PROBLEM STATEMENT:
Would you print the records below from the first line through the line containing "Le eliche tricolore IRIS sono", skipping the pictures?

AVAILABLE DATA:
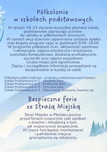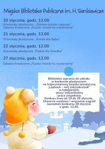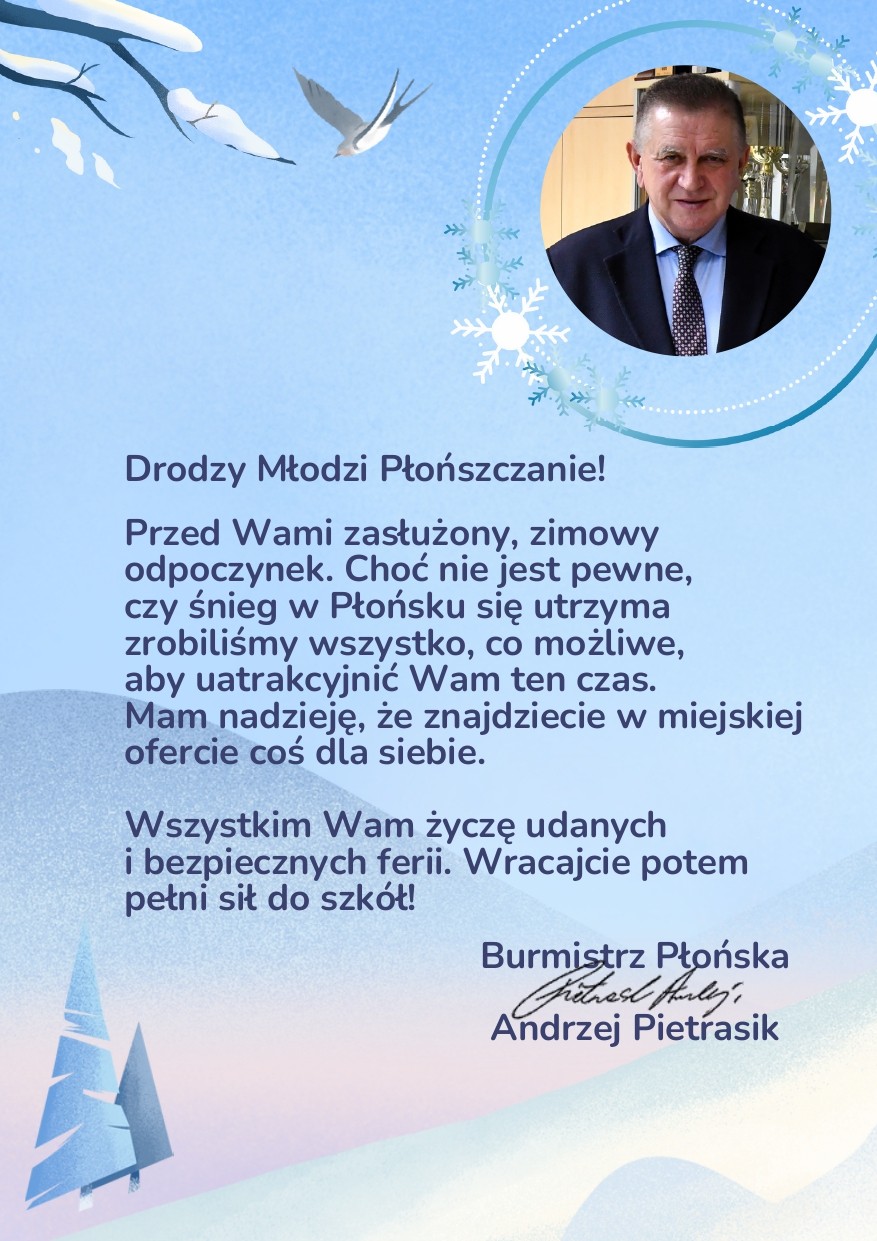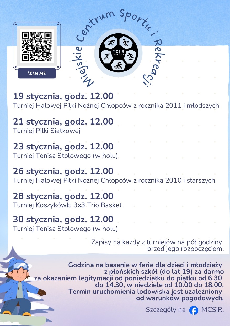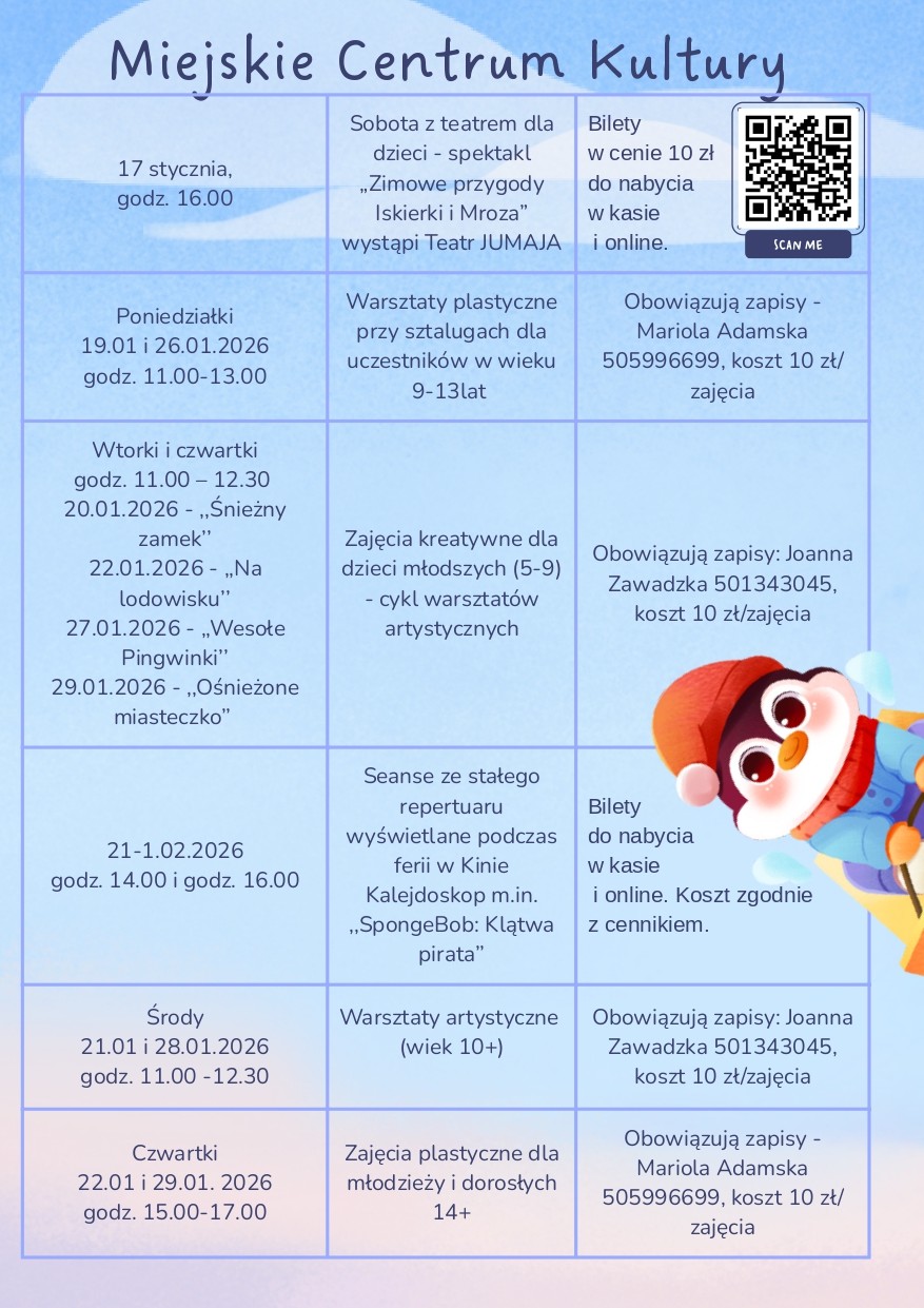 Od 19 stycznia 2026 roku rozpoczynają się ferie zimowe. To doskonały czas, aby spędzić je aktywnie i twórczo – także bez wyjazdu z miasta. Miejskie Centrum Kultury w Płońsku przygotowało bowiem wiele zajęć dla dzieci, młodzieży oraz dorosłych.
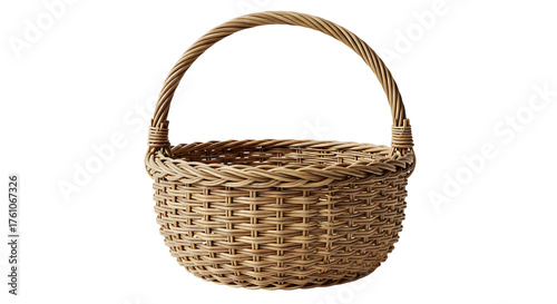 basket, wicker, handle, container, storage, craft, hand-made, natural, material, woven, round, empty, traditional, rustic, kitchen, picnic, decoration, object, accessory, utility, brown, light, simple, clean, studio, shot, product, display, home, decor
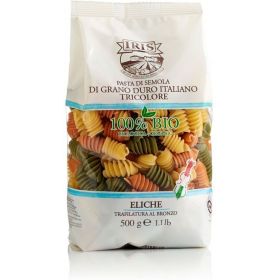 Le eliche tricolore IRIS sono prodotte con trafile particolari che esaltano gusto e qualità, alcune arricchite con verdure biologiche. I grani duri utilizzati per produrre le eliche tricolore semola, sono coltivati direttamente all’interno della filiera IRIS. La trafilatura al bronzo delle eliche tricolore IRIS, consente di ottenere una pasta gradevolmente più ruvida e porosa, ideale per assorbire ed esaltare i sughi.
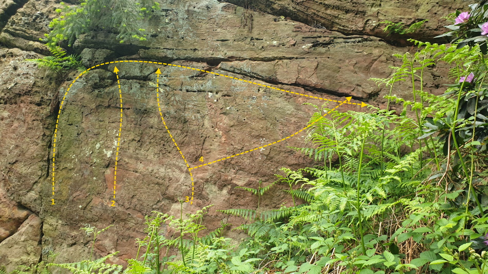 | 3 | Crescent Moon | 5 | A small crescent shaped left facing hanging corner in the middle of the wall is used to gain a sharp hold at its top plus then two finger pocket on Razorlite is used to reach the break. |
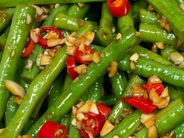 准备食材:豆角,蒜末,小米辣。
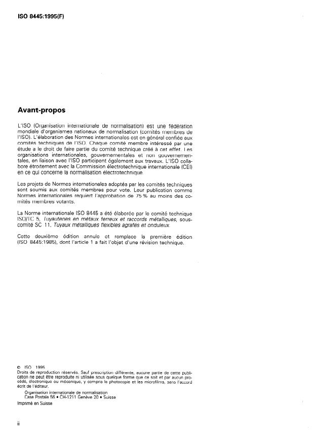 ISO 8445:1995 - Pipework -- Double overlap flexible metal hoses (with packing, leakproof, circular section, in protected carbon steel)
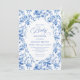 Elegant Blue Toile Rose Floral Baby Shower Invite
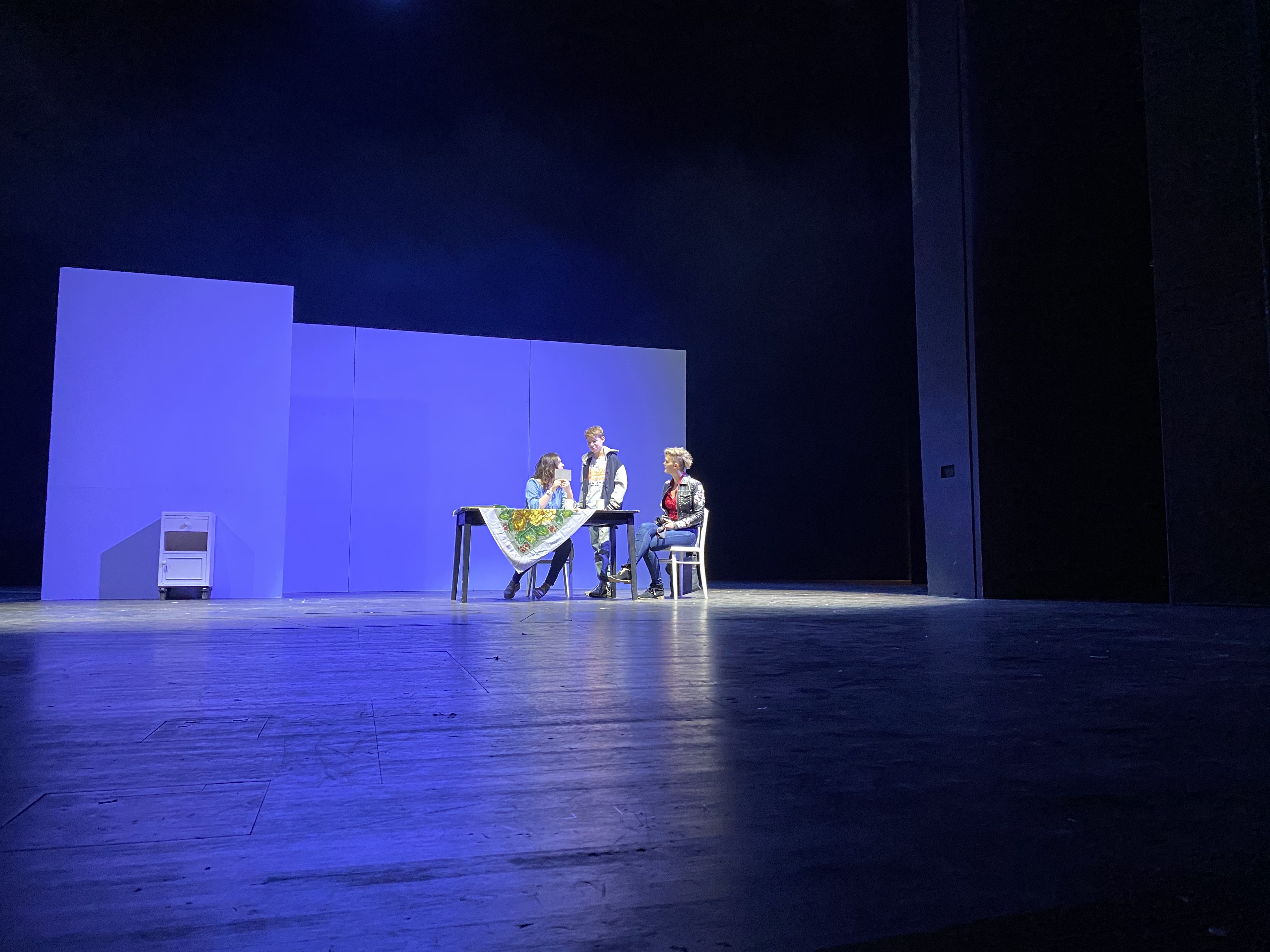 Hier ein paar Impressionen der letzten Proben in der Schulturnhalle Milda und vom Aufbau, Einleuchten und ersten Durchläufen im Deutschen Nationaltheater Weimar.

WRITTEN ANSWER:
 Od 19 stycznia 2026 roku rozpoczynają się ferie zimowe. To doskonały czas, aby spędzić je aktywnie i twórczo – także bez wyjazdu z miasta. Miejskie Centrum Kultury w Płońsku przygotowało bowiem wiele zajęć dla dzieci, młodzieży oraz dorosłych.
 basket, wicker, handle, container, storage, craft, hand-made, natural, material, woven, round, empty, traditional, rustic, kitchen, picnic, decoration, object, accessory, utility, brown, light, simple, clean, studio, shot, product, display, home, decor
 Le eliche tricolore IRIS sono prodotte con trafile particolari che esaltano gusto e qualità, alcune arricchite con verdure biologiche. I grani duri utilizzati per produrre le eliche tricolore semola, sono coltivati direttamente all’interno della filiera IRIS. La trafilatura al bronzo delle eliche tricolore IRIS, consente di ottenere una pasta gradevolmente più ruvida e porosa, ideale per assorbire ed esaltare i sughi.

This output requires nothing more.